Malacañang will tap a three-man panel of foreign health experts to conduct independent scientific research about Dengvaxia, the world’s first dengue vaccine, and its impact on the immunized children in the country.
Presidential spokesman Harry Roque Jr. said President Rodrigo Duterte seeks a more comprehensive and independent report after the conflicting reports on the matter by the Public Attorney’s Office (PAO) and the Department of Health (DOH).
Roque said Duterte “will create a three-man panel of Asian experts” and that he “will be bound by the findings of this three-man expert team on the issue of whether or not Dengvaxia actually caused deaths.”
“Now the problem of the president is – although there is a finding of a PAO expert and there is the Philippine General Hospital panel of experts findings – as a lawyer and a former prosecutor, he knows that expert witnesses can cancel out each other’s testimonies,” he added.
The opinion from independent experts will help in the probe to strengthen the government’s move to make Sanofi Pasteur, the manufacturer of Dengvaxia, accountable for what happened.
A list of expert pathologists that DOH submitted are now with Duterte.

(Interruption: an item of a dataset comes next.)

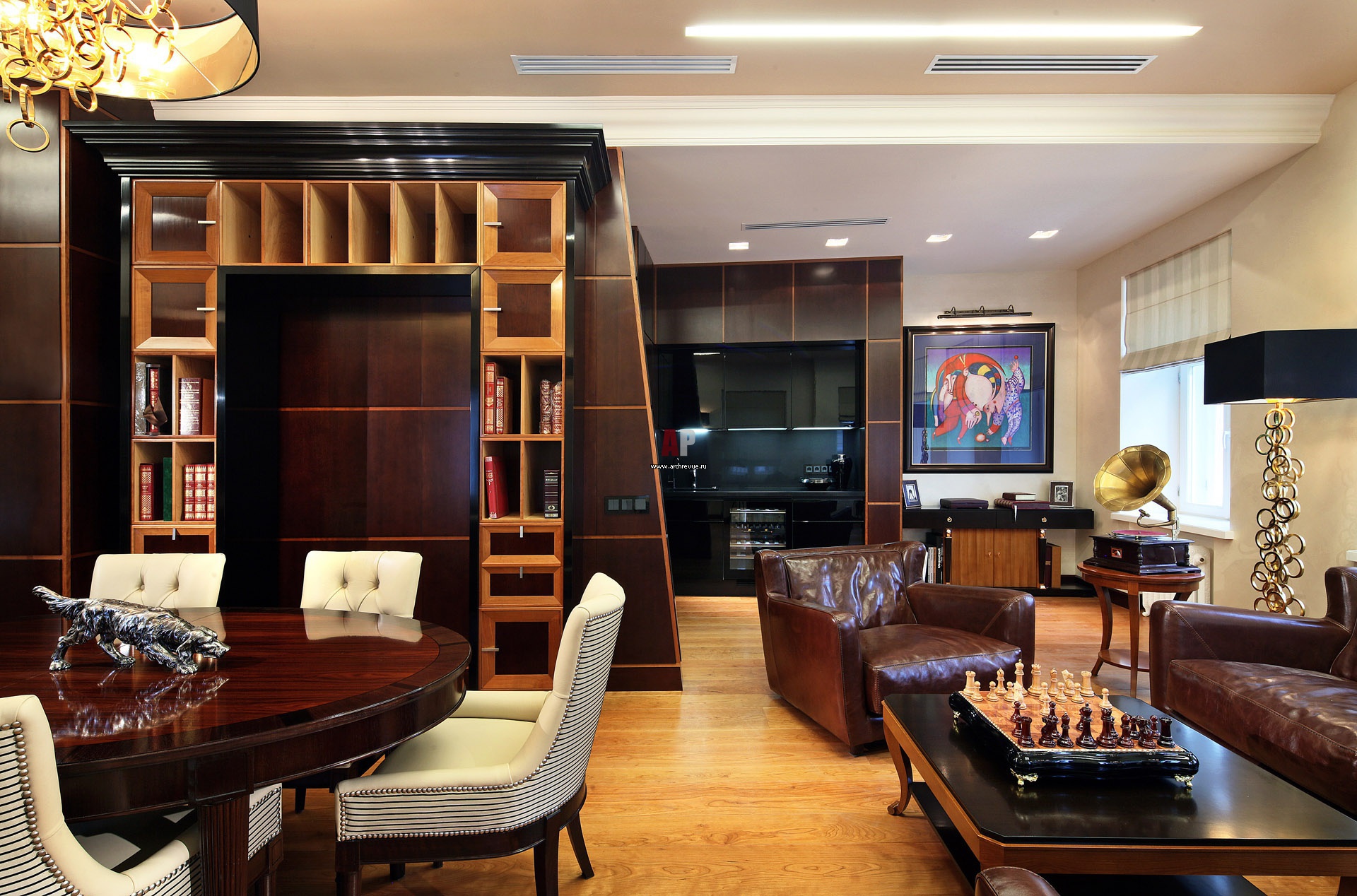 Переговорная зона в стиле ар-деко. Со стороны переговорной перегородка неправильную форму. По центру сложное геометрической композиции - декоративный портал, где размещены книги. Переговорный стол, стулья, Selva.
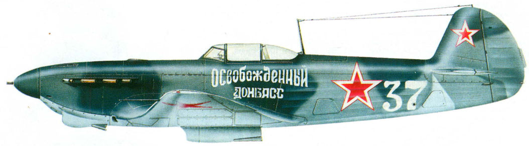 Окраска: на верхних плоскостях сочетание пятен темно-серого и серо-голубого цвета, снизу - светло-голубой. Надпись «Освобожденный Донбасс» белого цвета, выполнена на заводе. Бортовой номер - белый.Самолёты на фотографии: Яковлев Як-9Т / Як-9М - Россия - 1942

Malacañang is also hoping for the passage of a law seeking to allow the government to use the P1.2 billion refunded by Sanofi for much-needed medical support and assistance for the vaccinated children who fell ill.

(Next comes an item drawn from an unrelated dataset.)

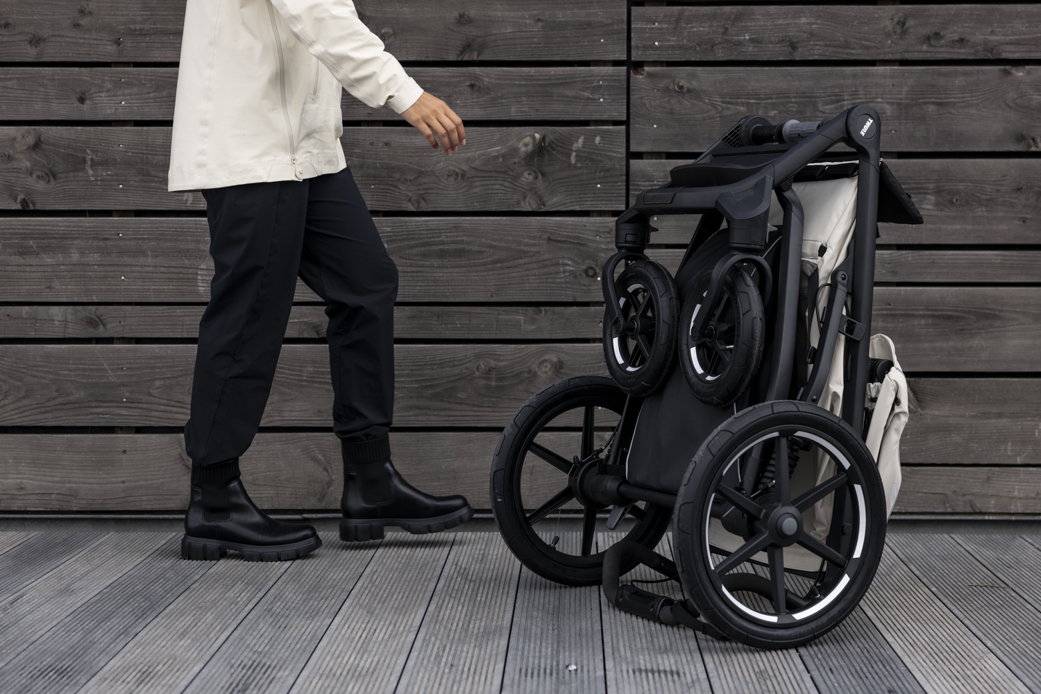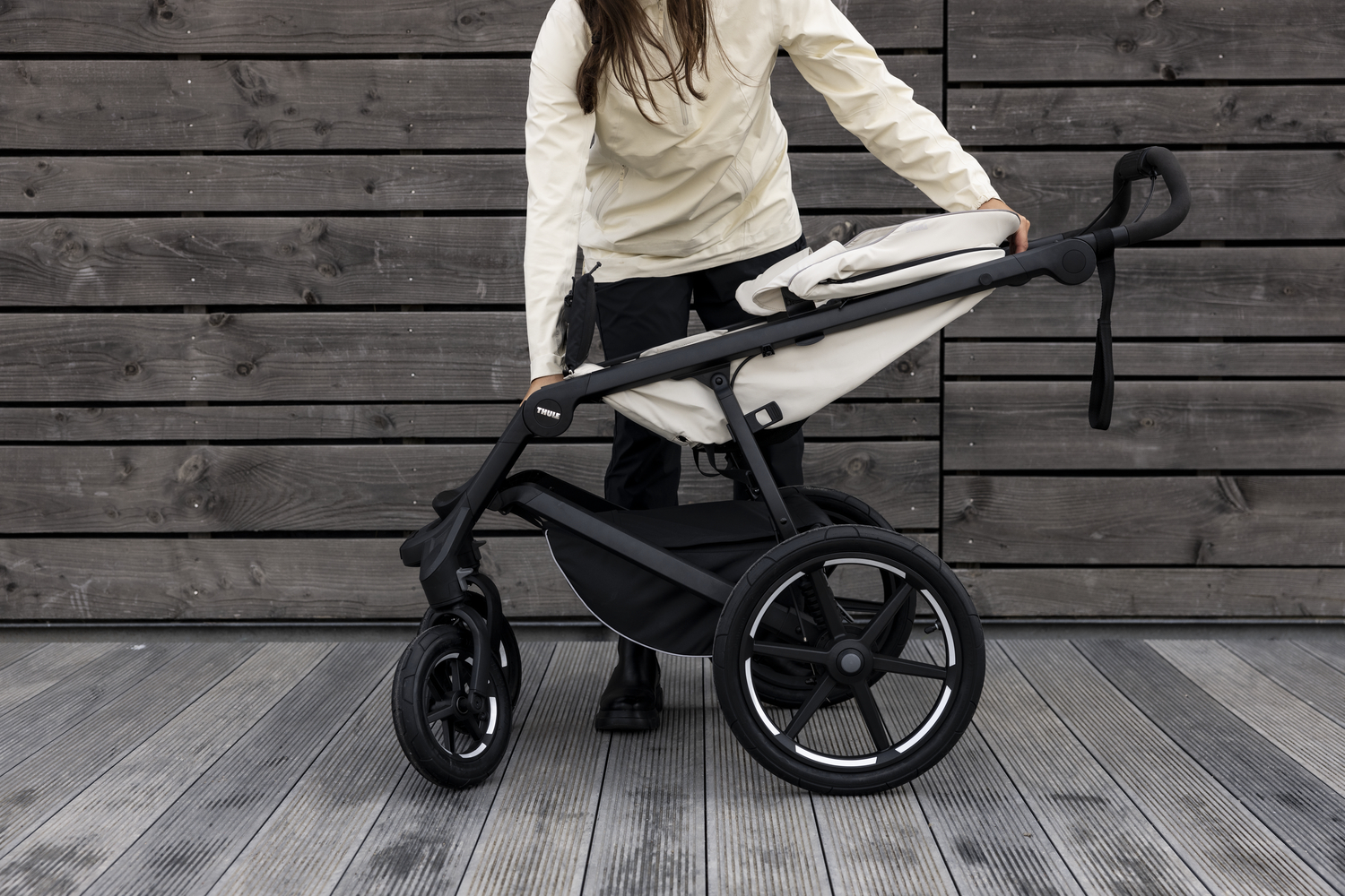 Thule Urban Glide 4-wheel Soft Beige. Experience the perfect blend of city style and outdoor capability. The Thule Urban Glide 4-wheel features a lightweight, aerodynamic design with swivel front wheels for effortless steering and large rear wheels for any terrain. The integrated twist hand brake provides confident speed control on hills, while the one-handed, compact fold makes storage a breeze. With a spacious, zip-top cargo basket and a comfortable, reclining seat with a built-in leg rest, this stroller is ready for everything from daily errands to weekend adventures.

DOH suspended the mass immunization program on Dec. 1, 2017 after Sanofi Pasteur announced that the vaccine poses threat of severe symptoms to those who have not been previously exposed to Dengue.
Dengvaxia was administered to about 800,000 public school students aged nine years old and above starting April 2016.
1,967 out of the 3,281 students hospitalized for various illnesses after being vaccinated contracted dengue, DOH said in a statement last month.
Last year, Gabriela filed a graft complaint against former health secretary Janette Garin former president Benigno Aquino III and former executive secretary Paquito Ochoa in connection with the Dengvaxia controversy.